First, pay attention to enrollment from young adults in 2016. We've already seen an uptick in young adult enrollment through the first seven weeks of the third open-enrollment period, and it's my contention that the increase in the shared responsibility payment is what's driving this enrollment surge.
In each of the first three years of Obamacare, the penalty for not buying health insurance has increased. In 2014, it was the greater of $95 or 1% of an individual's modified adjusted gross income (MAGI). The following year, it rose to the greater of $325 or 2% of MAGI. This year, it jumps once more to the greater of $695 or 2.5% of MAGI.
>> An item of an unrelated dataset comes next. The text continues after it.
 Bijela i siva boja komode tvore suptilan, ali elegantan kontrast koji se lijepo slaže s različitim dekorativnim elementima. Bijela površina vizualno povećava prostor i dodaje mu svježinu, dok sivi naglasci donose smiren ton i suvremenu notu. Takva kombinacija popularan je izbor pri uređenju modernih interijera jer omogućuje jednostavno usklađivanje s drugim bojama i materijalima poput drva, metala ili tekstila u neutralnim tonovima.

According to H&R Block, the average penalty paid in 2014 was $190, and Kaiser Family Foundation estimates that the average shared responsibility payment will rise to $661 in 2015, and $969 in 2016. That's a big enough jump to certainly get holdouts to consider buying health insurance -- insurance that may not only protect someone against a financially catastrophic unexpected illness, but which may also qualify for a tax deduction in certain instances.
Secondly, we should be paying close attention to how consumers react to rising premium prices. The absence of 12 Obamacare co-ops, coupled with newer entrants coming to the realization that their premiums were simply too low, has pushed premium prices around the country up at the quickest pace we've witnessed in about a decade. The transparency of Obamacare's exchanges was expected to promote competition, but with some insurers struggling and closing their doors -- or threatening to close their doors -- on Obamacare, higher prices could make the Affordable Care Act quite unaffordable.
Finally, keep your eyes peeled on the 2016 elections. As long as President Obama remains in the oval office, you can count on few changes to the PPACA. However, the election of a new president, and a possible change to the makeup of Congress, could dramatically alter Obamacare as we know it.
For instance, every Republican presidential candidate wants to repeal Obamacare as we now know it, and institute a separate health program. The elections could ultimately seal Obamacare's fate, or it may further strengthen the program. We'll know more in about 10 more months.
In short, it promises to be another exciting, and controversial, year for Obamacare.